So, I had a learning experience at nine, thirteen, fourteen, and sixteen.

We never stop learning.


----------



## applejuice (Oct 8, 2002)

A post script:

Each of my brothers has a son of his own, and those little guys are intact also.

One of them is born at home.


----------



## Nathan1097 (Nov 20, 2001)

Quote:


Originally Posted by *Kathryn*
When I first started having relations with men, they were almost all circed. I always would spend a few minutes looking them over and mentally pointing out all the mess ups caused by circing. I saw at least 3 on every guy.

Sort of goes with my last reply.

Did any of these guys realize you were "critiquing" their circs?


----------



## trmpetplaya (May 30, 2005)

Yeah, my family is Christian (so I don't understand why they chose to do it, but it was probably just because it was what was done - "hygiene") and my parents explained it by telling me about the circumcision in the Old Testament. I had forgotten about that part...

love and peace.


----------



## eightyferrettoes (May 22, 2005)

Quote:


Originally Posted by *Nathan1097*
:LOL "Honey, what's wrong with your thing?" (







: <---- Eightyferrettoes )
.

:LOL I'm not the sharpest tool in the shed.


----------



## RubyWild (Apr 7, 2004)

In high school, I heard about a boy in the school who was not circumcised. Girls were saying they wouldn't want to date him because of it. It was the first I'd heard about it. Later, I was there when my nephew was circumcised. He slept through it. It all seemed good, something hygenic and what I was used to.
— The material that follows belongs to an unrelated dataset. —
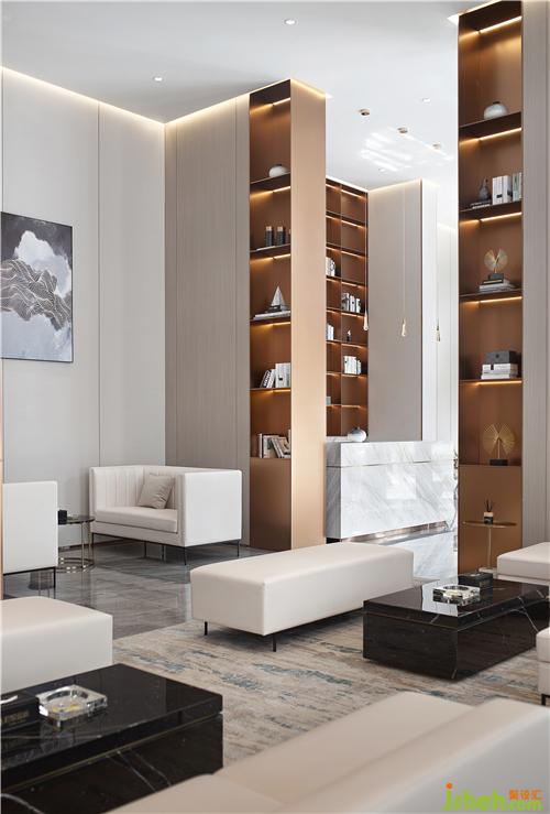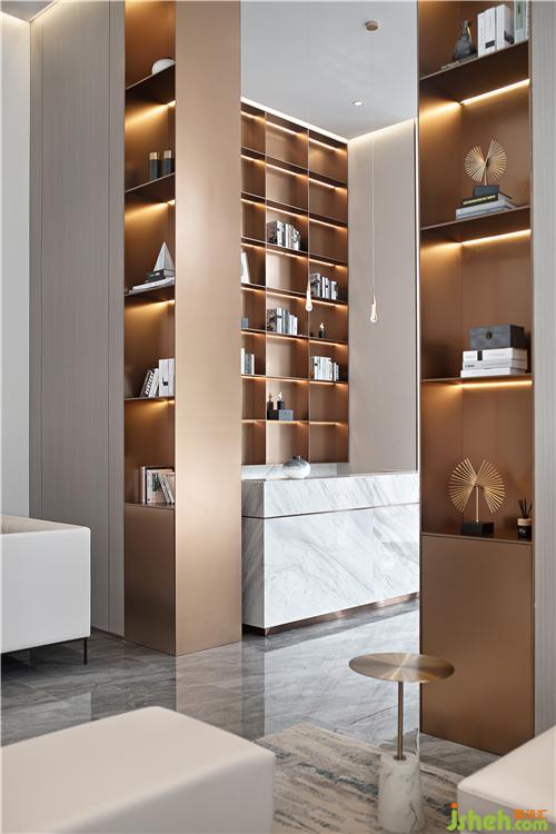 大理石底座暖色金屬臺(tái)面的小臺(tái)子加強(qiáng)了整體設(shè)計(jì)的平穩(wěn)和諧。
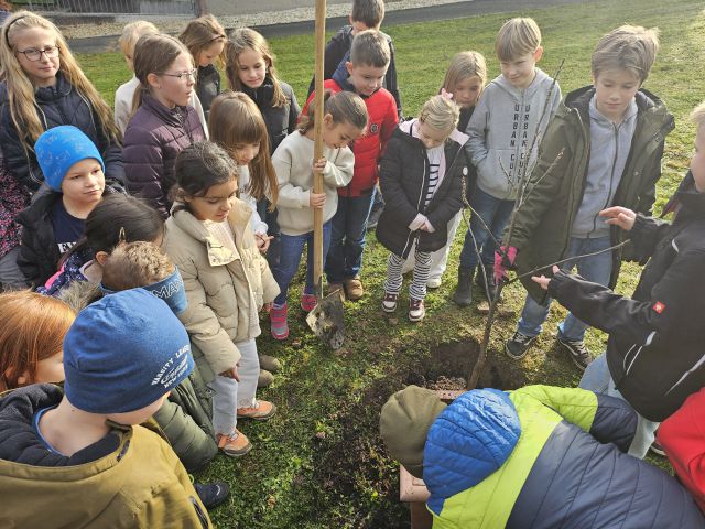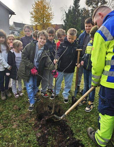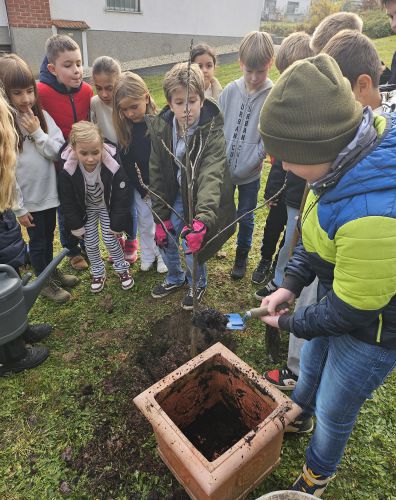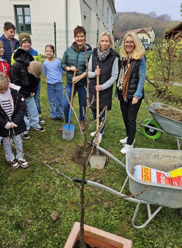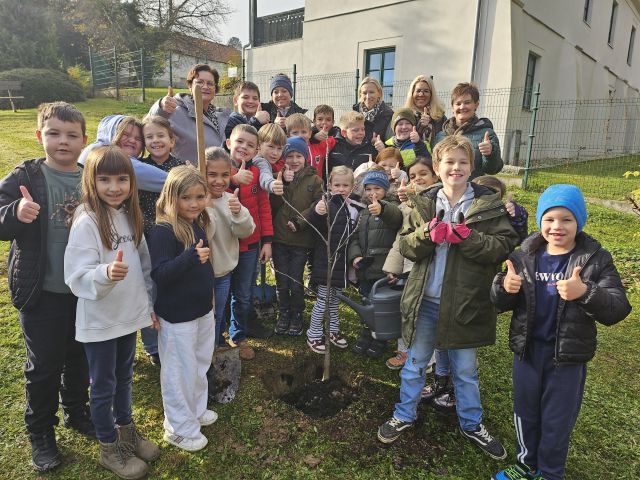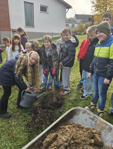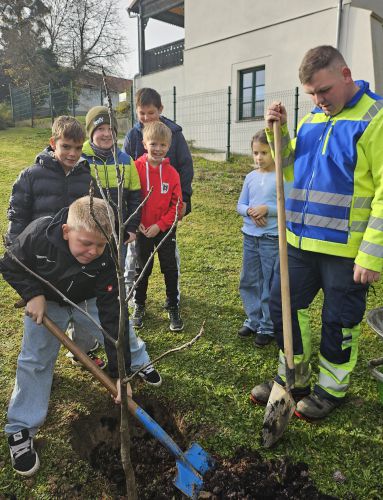 Lieber Herr Bürgermeister! Danke, dass du uns für die Baum-Challenge 2025 nominiert hast. Als zertifizierte Umweltzeichen-Schule freuen wir uns natürlich, im Schulgarten einen Baum pflanzen zu dürfen und somit zur Förderung des Umweltschutzes beitragen zu können. Die Elternvertreterinnen und die Gemeindearbeiter Daniel und Niklas haben uns kräftig unterstützt. Der Baum wurde uns von der Familie Samer aus Rotenturm gratis zur Verfügung gestellt. Herzlichen Dank! Wir werden unseren Baum gut pflegen und freuen uns schon auf die Nussernte!

Years later, when I was pregnant, my husband said that he would not want a son circumcised. This was a shock to me. I'd heard of female genital mutilation, but I didn't think of it that way for men. It was then that I learned that my husband felt that his parents shouldn't have done that to him, mutilated him in that way. He understood that they did what they thought was right, and, in fact, had no reason to question it back then. Still, he was adamantly against it for a child of his, and I learned about the other side of it then.


----------



## jyurina (Mar 17, 2005)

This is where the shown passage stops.